Ouvindo esta sentença, o discípulo Ling arrancou da cintura
uma faca amolgada e precipitou‑se sobre o Imperador. Dois guardas
sustiveram-no. O Filho do Céu sorriu e acrescentou com um suspiro:
- Também te odeio, velho Wang‑Fô, por te saberes fazer amar.
Matem esse maltrapilho.
Ling deu um salto para a frente, afim de evitar que o sangue
manchasse a roupa do seu mestre. Um carrasco decapitou‑o com um sabre. Os
criados levaram os restos mortais, e Wang‑Fô, desesperado, admirou a
lindíssima mancha escarlate que o sangue do discípulo deixara no pavimento de
pedra verde.
O Imperador fez um sinal e dois escravos enxugaram os olhos
de Wang‑Fô.
- Ouve, velho Wang‑Fô, disse o Imperador, e pára de chorar,
porque não é este o momento mais apropriado. Há na minha colecção das tuas
obras um quadro admirável onde as montanhas, o estuário dum rio e o mar se
reflectem, é claro que infinitamente reduzidos, mas com uma intensidade que
ultrapassa a dos próprios objectos, como as figuras reflectidas na superfície
duma esfera.
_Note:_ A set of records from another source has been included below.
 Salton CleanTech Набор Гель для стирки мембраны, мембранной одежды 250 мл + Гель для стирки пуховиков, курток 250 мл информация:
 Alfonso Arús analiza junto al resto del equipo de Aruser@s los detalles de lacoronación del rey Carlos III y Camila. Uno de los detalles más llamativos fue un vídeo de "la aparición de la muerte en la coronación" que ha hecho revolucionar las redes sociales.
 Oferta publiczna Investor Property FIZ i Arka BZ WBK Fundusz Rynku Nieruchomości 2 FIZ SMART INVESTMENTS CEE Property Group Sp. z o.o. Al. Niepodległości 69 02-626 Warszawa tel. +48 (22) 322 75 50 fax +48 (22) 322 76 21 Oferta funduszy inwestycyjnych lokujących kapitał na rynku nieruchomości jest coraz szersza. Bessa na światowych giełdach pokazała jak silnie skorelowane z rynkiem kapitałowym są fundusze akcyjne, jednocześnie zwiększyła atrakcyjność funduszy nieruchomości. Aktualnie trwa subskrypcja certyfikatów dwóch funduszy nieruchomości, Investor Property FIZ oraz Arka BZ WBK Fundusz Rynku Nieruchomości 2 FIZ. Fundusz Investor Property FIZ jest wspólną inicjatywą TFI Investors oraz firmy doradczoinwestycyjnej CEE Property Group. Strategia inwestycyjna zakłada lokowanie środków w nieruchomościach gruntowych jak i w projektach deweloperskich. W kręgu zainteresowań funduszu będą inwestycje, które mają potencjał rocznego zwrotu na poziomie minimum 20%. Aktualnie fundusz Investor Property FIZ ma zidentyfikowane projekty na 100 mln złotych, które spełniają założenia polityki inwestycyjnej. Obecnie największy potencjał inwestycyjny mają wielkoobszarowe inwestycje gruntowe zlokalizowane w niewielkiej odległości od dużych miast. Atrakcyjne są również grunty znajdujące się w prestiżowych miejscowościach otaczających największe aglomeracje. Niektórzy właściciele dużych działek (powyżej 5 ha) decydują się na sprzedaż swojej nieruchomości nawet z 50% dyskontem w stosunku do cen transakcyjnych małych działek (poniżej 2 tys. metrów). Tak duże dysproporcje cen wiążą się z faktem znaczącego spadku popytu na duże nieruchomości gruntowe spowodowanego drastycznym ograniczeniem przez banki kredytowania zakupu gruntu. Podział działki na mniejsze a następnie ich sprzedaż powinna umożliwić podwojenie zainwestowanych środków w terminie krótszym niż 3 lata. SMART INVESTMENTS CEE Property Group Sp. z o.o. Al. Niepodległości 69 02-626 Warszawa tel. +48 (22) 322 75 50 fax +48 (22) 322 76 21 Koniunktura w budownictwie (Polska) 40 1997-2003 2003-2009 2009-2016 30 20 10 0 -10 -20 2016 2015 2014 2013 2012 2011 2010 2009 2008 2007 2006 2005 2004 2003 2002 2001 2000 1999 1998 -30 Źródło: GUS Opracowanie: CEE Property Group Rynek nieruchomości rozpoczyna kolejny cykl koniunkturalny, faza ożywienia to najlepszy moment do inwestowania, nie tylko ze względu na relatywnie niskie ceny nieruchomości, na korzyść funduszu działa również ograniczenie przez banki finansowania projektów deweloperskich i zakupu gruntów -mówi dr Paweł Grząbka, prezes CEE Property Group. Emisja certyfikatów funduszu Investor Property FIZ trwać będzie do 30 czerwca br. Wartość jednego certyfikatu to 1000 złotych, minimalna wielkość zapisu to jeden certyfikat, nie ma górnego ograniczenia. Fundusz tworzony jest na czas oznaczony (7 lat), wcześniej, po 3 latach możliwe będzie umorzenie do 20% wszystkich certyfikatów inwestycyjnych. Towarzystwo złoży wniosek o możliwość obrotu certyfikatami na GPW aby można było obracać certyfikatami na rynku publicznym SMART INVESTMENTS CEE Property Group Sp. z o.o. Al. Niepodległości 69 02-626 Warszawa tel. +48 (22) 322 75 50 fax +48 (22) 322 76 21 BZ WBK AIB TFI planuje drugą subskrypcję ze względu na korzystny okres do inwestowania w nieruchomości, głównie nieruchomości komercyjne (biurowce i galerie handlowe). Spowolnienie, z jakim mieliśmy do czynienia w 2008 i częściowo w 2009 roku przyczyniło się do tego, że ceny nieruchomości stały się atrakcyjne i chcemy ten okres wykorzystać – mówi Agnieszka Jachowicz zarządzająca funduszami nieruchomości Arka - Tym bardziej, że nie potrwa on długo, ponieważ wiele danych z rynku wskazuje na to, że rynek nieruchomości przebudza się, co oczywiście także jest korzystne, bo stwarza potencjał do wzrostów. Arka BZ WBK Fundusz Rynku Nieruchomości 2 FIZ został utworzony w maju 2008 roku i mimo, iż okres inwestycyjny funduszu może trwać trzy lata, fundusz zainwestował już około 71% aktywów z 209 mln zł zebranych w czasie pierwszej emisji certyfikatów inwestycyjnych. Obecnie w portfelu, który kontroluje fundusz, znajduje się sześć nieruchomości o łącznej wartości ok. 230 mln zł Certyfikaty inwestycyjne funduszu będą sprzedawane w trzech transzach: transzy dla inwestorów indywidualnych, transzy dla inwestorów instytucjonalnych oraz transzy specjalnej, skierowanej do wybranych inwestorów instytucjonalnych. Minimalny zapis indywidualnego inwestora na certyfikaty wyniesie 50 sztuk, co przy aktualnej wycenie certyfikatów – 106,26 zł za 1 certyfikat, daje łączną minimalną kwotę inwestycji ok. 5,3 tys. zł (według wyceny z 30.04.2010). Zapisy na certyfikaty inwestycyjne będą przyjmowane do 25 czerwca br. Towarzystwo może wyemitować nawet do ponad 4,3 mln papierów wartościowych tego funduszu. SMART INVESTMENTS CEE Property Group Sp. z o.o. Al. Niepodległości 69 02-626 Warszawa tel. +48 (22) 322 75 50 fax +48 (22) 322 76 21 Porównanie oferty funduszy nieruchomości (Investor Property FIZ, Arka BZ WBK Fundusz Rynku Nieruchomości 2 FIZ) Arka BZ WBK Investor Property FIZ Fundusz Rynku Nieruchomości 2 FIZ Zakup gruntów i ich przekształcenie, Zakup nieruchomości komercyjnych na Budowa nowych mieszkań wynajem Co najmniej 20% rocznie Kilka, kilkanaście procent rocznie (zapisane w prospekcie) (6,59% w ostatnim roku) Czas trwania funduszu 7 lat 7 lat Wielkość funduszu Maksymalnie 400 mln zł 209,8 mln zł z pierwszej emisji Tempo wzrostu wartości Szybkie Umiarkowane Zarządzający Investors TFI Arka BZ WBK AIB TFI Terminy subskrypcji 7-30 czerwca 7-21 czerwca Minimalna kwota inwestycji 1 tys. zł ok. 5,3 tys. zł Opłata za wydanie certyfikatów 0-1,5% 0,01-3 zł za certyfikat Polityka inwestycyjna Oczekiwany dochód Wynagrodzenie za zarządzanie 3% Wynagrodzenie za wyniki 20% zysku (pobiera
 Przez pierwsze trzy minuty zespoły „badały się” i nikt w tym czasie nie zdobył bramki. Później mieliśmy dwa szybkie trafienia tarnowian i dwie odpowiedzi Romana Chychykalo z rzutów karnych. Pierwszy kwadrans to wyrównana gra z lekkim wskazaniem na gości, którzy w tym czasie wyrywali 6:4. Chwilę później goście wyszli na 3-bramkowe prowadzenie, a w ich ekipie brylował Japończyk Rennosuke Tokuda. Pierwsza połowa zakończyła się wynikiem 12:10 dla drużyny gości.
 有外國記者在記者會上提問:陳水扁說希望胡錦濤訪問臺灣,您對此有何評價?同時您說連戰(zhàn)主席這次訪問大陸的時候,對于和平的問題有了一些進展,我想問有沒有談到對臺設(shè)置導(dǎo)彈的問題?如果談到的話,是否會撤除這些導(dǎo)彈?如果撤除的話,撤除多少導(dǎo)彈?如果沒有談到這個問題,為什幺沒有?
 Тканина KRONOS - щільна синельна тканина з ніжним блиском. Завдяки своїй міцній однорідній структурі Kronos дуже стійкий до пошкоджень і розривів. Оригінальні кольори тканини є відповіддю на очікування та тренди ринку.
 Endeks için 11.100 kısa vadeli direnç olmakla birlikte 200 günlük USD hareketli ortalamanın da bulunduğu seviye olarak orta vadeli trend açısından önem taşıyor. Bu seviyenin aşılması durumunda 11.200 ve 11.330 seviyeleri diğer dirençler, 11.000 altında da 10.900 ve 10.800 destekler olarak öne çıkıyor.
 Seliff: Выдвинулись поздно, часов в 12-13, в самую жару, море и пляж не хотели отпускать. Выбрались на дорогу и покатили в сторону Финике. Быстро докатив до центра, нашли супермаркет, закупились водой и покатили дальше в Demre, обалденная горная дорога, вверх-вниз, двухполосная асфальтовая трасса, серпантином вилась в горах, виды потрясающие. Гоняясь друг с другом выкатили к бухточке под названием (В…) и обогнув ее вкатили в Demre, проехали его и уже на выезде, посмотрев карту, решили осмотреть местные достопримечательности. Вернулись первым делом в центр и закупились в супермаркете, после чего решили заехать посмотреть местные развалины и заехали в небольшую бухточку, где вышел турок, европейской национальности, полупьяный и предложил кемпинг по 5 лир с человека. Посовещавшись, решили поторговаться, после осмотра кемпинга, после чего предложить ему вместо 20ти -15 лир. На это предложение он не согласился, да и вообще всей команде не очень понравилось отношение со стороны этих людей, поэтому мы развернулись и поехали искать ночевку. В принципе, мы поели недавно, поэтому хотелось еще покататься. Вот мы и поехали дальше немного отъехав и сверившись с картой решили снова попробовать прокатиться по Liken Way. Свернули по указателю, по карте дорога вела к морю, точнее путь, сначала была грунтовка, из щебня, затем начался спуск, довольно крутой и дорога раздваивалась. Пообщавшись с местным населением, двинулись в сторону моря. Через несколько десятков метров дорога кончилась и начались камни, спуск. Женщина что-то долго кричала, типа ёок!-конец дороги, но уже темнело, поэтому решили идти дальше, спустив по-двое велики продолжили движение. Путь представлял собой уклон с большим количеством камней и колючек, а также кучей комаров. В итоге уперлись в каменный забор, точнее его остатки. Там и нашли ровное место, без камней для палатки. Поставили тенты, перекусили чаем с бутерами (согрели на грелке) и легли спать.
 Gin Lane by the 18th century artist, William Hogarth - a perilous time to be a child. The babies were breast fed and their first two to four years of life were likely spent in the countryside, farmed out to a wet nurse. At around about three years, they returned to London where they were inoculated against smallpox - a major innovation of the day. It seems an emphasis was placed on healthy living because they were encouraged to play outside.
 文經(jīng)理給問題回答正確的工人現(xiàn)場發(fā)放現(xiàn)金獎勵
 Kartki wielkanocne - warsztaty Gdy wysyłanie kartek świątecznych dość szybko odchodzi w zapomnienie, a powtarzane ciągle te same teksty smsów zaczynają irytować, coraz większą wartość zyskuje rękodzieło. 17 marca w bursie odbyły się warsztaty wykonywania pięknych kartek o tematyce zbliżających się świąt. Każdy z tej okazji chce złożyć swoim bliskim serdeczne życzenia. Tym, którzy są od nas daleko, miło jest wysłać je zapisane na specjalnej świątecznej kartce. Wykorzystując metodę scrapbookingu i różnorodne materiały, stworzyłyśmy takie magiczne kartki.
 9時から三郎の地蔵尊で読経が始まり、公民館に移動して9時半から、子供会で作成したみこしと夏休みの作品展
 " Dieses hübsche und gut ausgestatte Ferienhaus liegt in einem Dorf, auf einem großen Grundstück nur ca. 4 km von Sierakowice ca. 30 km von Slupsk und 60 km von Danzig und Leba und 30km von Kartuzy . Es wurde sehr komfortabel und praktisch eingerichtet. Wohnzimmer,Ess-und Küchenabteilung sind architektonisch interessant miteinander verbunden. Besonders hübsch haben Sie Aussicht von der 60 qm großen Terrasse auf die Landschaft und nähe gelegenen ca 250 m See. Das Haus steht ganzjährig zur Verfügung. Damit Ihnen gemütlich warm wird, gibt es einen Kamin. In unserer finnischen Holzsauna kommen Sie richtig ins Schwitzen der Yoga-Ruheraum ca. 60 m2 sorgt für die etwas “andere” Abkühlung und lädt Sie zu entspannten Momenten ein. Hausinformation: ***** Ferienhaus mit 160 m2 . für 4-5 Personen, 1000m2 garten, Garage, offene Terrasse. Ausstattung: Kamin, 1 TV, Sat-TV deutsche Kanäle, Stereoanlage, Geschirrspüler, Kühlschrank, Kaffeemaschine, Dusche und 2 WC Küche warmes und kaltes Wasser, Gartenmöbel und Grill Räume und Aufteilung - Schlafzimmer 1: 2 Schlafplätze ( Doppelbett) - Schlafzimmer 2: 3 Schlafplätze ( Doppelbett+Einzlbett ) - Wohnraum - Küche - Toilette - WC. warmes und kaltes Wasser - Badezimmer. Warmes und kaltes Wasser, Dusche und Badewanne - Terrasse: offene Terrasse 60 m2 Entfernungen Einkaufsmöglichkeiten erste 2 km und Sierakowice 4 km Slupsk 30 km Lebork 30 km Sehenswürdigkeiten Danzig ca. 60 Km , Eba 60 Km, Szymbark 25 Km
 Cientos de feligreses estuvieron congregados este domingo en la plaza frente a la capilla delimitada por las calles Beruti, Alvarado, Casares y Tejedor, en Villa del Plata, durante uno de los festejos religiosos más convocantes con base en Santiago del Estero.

Mas não terminastes esse quadro, Wang‑Fô, e posso obrigar‑te a
levá‑lo a cabo. Se te recusares, mando queimar todas as tuas obras antes do teu
suplício e serás como um pai que viu morrer à sua frente toda a sua
descendência. [...].
Wang‑Fô começou por tingir de cor‑de‑rosa a extremidade duma
nuvem pousada numa montanha. Depois, acrescentou à superfície do mar uma pequena
ondulação que tornou ainda mais profunda a sua calma. Estranhamente, o
pavimento de jade começara a ficar húmido, mas Wang‑Fô, completamente absorvido
pelo quadro, não dava conta de que já estava a trabalhar com os pés na água.
O frágil escaler, encorpado pelas pinceladas do pintor,
ocupava agora todo o primeiro plano do rolo de seda. Um ruído de remos ergueu‑se
de repente na distância, vivo e cadenciado como um bater de asas. Aproximou‑se,
encheu a sala toda, depois cessou. Pequenas gotas reluziam, imóveis, suspensas
dos remos do barqueiro. Há muito que o ferro em brasa destinado aos olhos de
Wang‑Fô se tinha apagado no braseiro do carrasco. Com a água a dar‑lhes pelos
ombros, os cortesãos, paralisados pela etiqueta, erguiam‑se nas pontas dos pés.
A água por fim atingiu o nível do coração imperial. O silêncio era tão profundo
que teria sido possível ouvir lágrimas cair.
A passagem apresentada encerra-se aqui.